DATA:

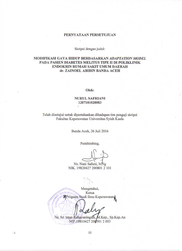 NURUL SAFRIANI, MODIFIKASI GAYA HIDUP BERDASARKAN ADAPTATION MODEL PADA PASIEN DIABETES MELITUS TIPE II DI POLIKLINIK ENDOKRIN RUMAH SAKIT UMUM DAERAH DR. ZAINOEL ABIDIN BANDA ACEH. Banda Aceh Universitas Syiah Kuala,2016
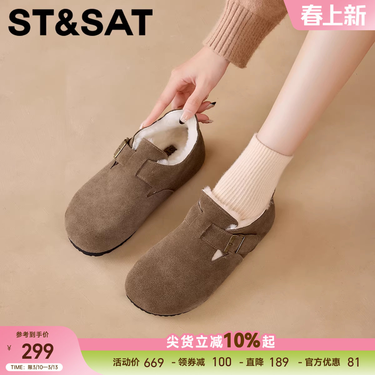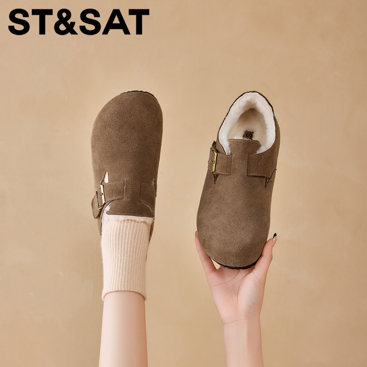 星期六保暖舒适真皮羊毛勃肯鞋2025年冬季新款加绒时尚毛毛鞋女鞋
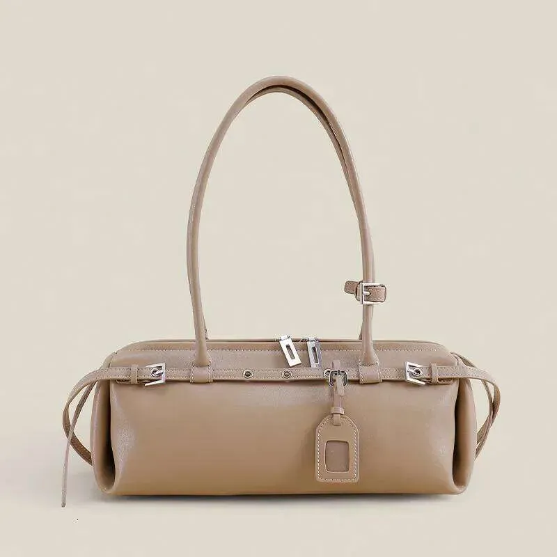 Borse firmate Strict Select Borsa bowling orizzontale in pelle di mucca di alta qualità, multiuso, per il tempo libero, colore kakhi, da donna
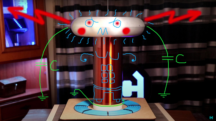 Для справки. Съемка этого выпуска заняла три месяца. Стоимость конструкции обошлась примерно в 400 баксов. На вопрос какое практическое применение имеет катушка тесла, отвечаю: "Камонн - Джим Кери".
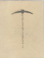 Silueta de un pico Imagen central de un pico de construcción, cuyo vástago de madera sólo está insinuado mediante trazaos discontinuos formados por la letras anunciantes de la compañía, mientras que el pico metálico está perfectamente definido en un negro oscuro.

ACTION ITEM:
Apart from the pictures, restate all of the listing above exactly.

EXPECTED OUTPUT:
 NURUL SAFRIANI, MODIFIKASI GAYA HIDUP BERDASARKAN ADAPTATION MODEL PADA PASIEN DIABETES MELITUS TIPE II DI POLIKLINIK ENDOKRIN RUMAH SAKIT UMUM DAERAH DR. ZAINOEL ABIDIN BANDA ACEH. Banda Aceh Universitas Syiah Kuala,2016
 星期六保暖舒适真皮羊毛勃肯鞋2025年冬季新款加绒时尚毛毛鞋女鞋
 Borse firmate Strict Select Borsa bowling orizzontale in pelle di mucca di alta qualità, multiuso, per il tempo libero, colore kakhi, da donna
 Для справки. Съемка этого выпуска заняла три месяца. Стоимость конструкции обошлась примерно в 400 баксов. На вопрос какое практическое применение имеет катушка тесла, отвечаю: "Камонн - Джим Кери".
 Silueta de un pico Imagen central de un pico de construcción, cuyo vástago de madera sólo está insinuado mediante trazaos discontinuos formados por la letras anunciantes de la compañía, mientras que el pico metálico está perfectamente definido en un negro oscuro.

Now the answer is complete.